I first became a parent a little more than two years ago. Fighter was born into this world and my life changed. The expectations of a father dawned on me. That I now am no longer a son and a husband, I am now a father and as a father I have to bring up my son well. To teach him the rights from the wrongs in life so he would grow up to be a good man.
It recently dawned on me that over the past two years, my son has taught me as much as I have taught him about life. Here’s the key things that I feel he has taught me:
1) He taught me that an experience is only as good as the company you experience it with.
Fighter loves going to the childrens’ playground. He loves swinging on a swing, going up and down a slide and riding the see-saw. What I notice is that as much as he loves doing all those things, he only likes it when we are experiencing it with him.
Once we left him to play on a slide with us watching from a short distance away and he came around and insisted we join him. When we were by his side again, he screamed, squealed and laughed in excitement to the full experience he had of the playground.
2) He taught me how to find joy in the simplest things in life.
In adult life we constantly seek out the highs we get from buying something new or getting instant gratification when someone comments and likes your picture on Facebook. These things make us happy and gives us a high at least for a while, before we find the need to find something else again to excite us.
Fighter finds constant excitement in the smallest things. He loves cups and he loves just holding them and pretending to drink from them. He has loved them constantly for 6 months or so now and he still shows no signs of slowing down.
It’s not just cups. Sometimes Fighter gets excited by the smallest things. Like when he notices a car that looks like the car his grandfather drives or when he sees a new type of snack he hasn’t tried before.
Fighter loves the smallest things and he finds happiness in the things we take for granted.
3) He taught me that time (not money) is the most valuable thing you can give somebody.
Every day when I leave Fighter to go to work he clings on to me and he cries. He doesn’t want me to go no matter how many times I explain to him that that’s life. That daddy needs to go to work so he can earn money and support him.

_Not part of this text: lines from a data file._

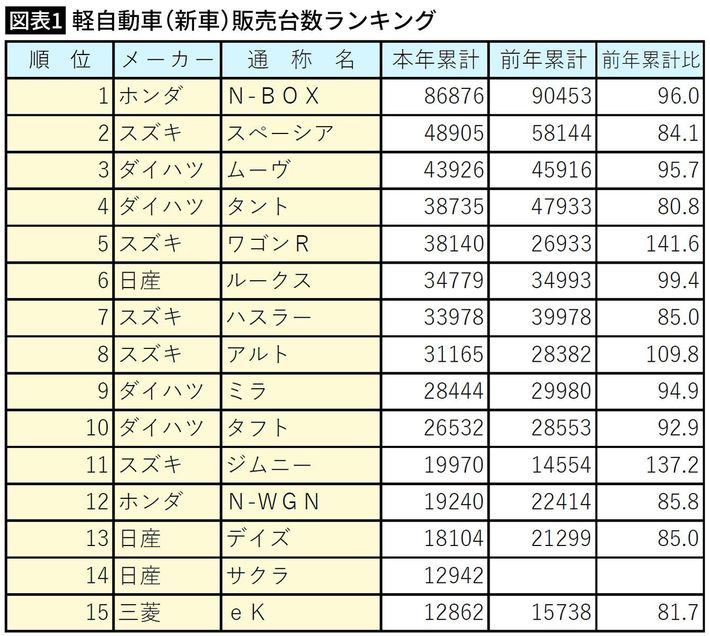 2022年4月~9月軽四輪車 通称名別 新車販売確報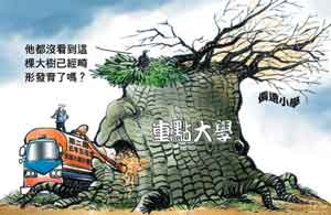最教人難過的是「頭重腳輕」的教育預算分配邏輯,同樣生活在台灣,偏遠地區的小學甚至沒有圖書館,得靠民間菜販五元十元的存下來幫忙蓋,重點大學可向政府大筆要錢,政府想少給一點還會被譴責,就百姓的角度來看,那些廟堂之上的高級知識份子,比不上一名菜販。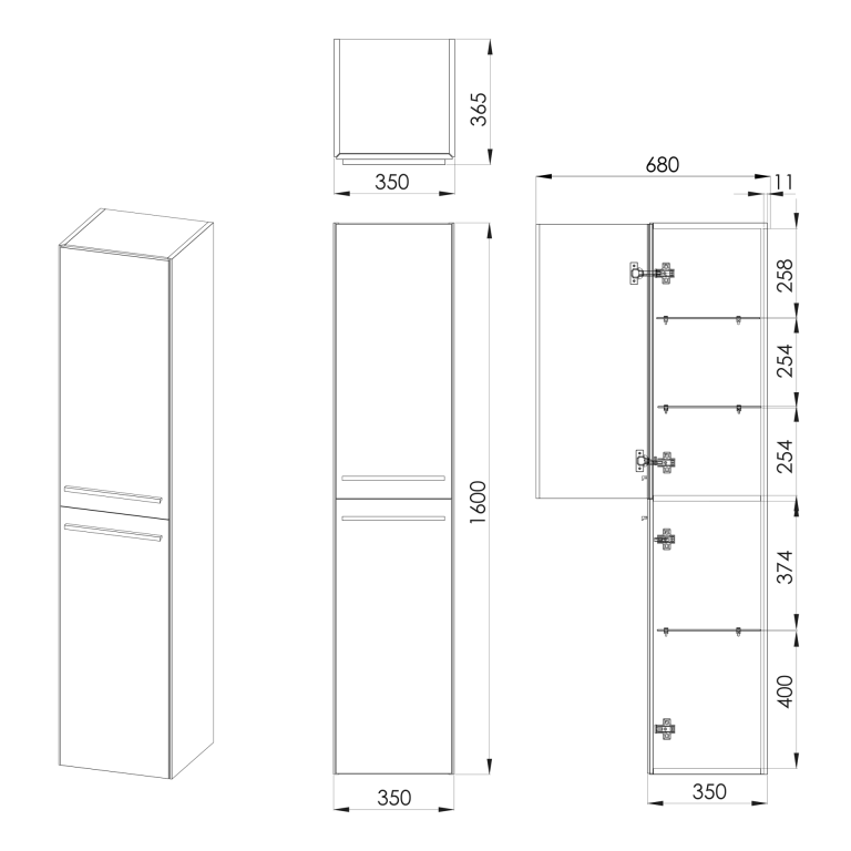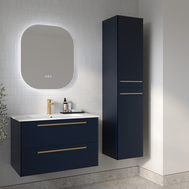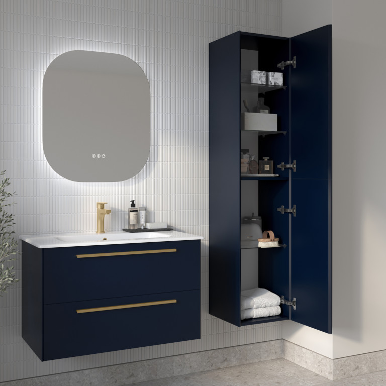 The Berwick wall unit is a versatile and stylish companion to the Berwick vanity unit. Its design is characterised by sleek angled edges, a modern slim bar handle and two doors revealing one fixed central shelf and 3 glass shelves.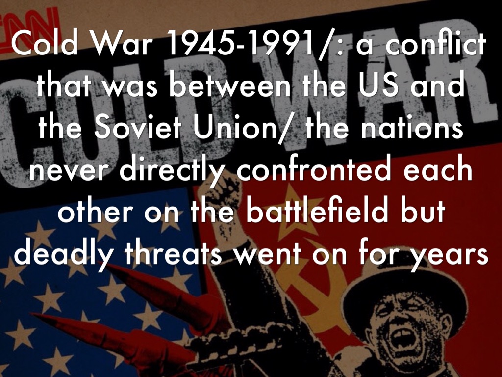 Cold War 1945-1991/: a conflict that was between the US and the Soviet Union/ the nations never directly confronted each other on the battlefield but deadly threats went on for years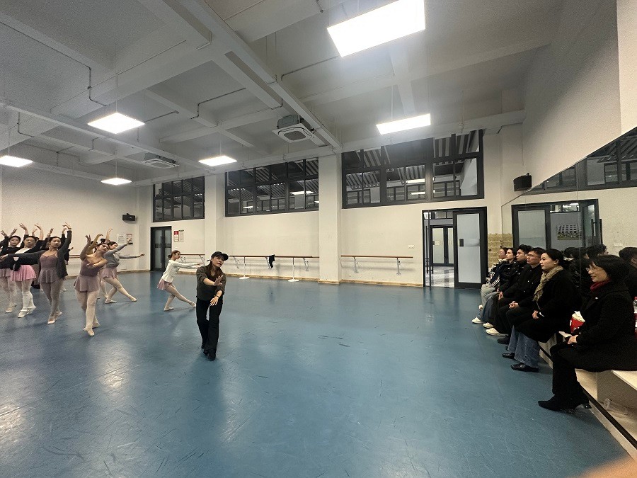 北部湾大学音乐舞蹈学院一行走进舞蹈教室,近距离观摩课堂教学实况,围绕教学方法革新、课程思政有机融入、艺术人才培养体系构建等关键议题开展互动研讨,以实地观摩和现场交流的形式,搭建起两校教学经验互鉴、专业能力共进的坚实桥梁。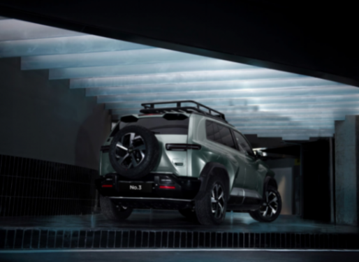 其實從側面就看到,尾部設計有些別具一格,因為傳統越野SUV的外掛式備胎在這里有兩種造型,分別是半包裹式備胎和外掛式小書包。而尾部其它設計,車頂擾流板頗具動感,尾燈組熏黑處理也提升運動氛圍。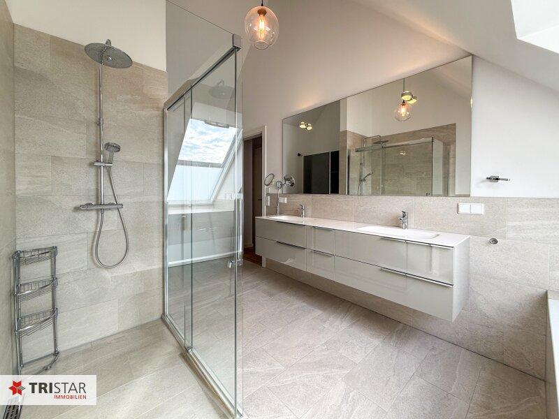 * 1 Badezimmer mit Dusche, Wanne, 2 Waschbecken und WC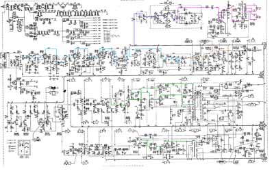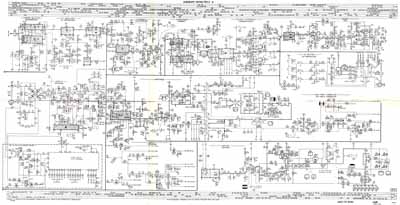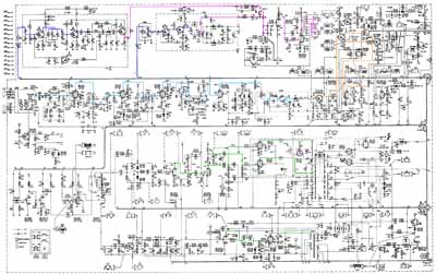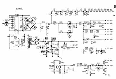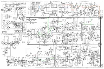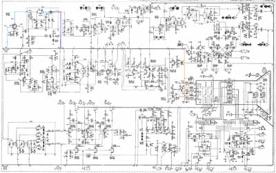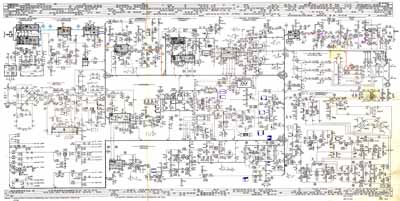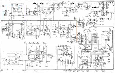 Chassis K9 en K11Beide chassis lijken sterk op elkaar. Door het gebruik van een verbeterde beeldbuis kon de convergentie vereenvoudigd worden in de K11. Het schema kan weer op één bladzijde: het inwendige van de modules wordt niet meer getoond, het is de bedoeling dat bij defekt de volledige module vervangen wordt.Er is maar één buis over, de beeldbuis. Voor de lijneindtrap gebruikt men twee parallel geschakelde BU108 (die later vervangen zal worden door een enkele BU208). Bij bepaalde productieruns gebruikt men een 2SD350A. De rastereindtrap bestaat uit een klassieke push-pull eindtrap, maar voor het audio-gedeelte gebruikt men een vreemde constructie, afgeleid van de "Bi-Amp" Philips audioversterkers met buizen. Deze versterkers hebben een hoge uitgangsweerstand, waardoor een transfo nodig is. De lijneindtrap levert eveneens de secundaire spanningen: de oscillator kan zelfstandig opstarten op de 155V (gestabiliseerde netspanning), en dan komen de hulpspanningen eveneens op. Deze werkwijze zal in de verschillende uitvoeringen verder gebruikt worden. |

To Fighter money doesn’t matter. The only thing that matters is that the people who he loves are around him.
4) He taught me that there is no Chinese boy, Indian boy or Malay boy. There is only one type of boy.

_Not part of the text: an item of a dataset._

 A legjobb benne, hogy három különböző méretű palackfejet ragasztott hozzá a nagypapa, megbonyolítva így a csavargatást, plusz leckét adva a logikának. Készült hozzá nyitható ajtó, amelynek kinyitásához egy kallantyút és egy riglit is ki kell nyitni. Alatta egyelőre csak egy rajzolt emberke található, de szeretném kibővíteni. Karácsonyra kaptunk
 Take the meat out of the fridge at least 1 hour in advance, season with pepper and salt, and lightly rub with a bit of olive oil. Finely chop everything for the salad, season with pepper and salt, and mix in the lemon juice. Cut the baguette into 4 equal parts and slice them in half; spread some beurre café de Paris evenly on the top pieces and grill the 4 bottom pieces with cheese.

Fighter doesn’t know racism. He can tell a difference when someone has darker skin when another, but he never associates that with a person being “different”.
Whether you’re Malay, Chinese, Indian, Nepalese or Bangladesh even. Fighter doesn’t treat you any different. If he likes you, he wants you to carry him. If he doesn’t then it doesn’t matter what your skin colour is, he just doesn’t want you to carry him.
5) He taught me to love things that you truly like, not what people tell you that you should or should not like.
Fighter loves Hello Kitty and he loves carrying womens’ handbags. At first we started telling that handbags are for ladies but he never really cared. Then it hit me.
In life we are constantly battling our personal preferences with what society expects us to like. Boys like action figurines, girls like dolls. Girls like One Direction, guys like U2. If you think about it, that doesn’t make sense. Why must we be told what we like. We like what we like and that’s what makes us individuals.
So today I no longer tell Fighter what to like. I just let him embrace what he does like.
6) He taught me to question everything and to never stop learning.
Fighter just learned to ask questions and he won’t stop asking them. Every day he looks at something and asks us “Mommy… what’s this?”.
Or sometimes he seems affirmation “Mommy… is it a phone?”.
Then he sees another phone and he asks the same question again and again to make sure he gets it right.
7) He taught me that if at first you don’t make it. Try again.
The first time Fighter tried walking. He fell. But he tried again and again. It’s not just walking too.
Every time he sees us eating spicy food he insists on having a try. We tell him that it’s spicy but he whines until we give him a try. Once he has a taste of it he cries until we extinguish the fire in his mouth with water. Immediately after, he asks for it again and again until the whole process repeats itself.
At first I was wondering why our son liked hurting himself then it occurred to me that maybe he just wanted to keep trying until he can understand why is it that even though it’s so painful to eat, we like to eat it all the time.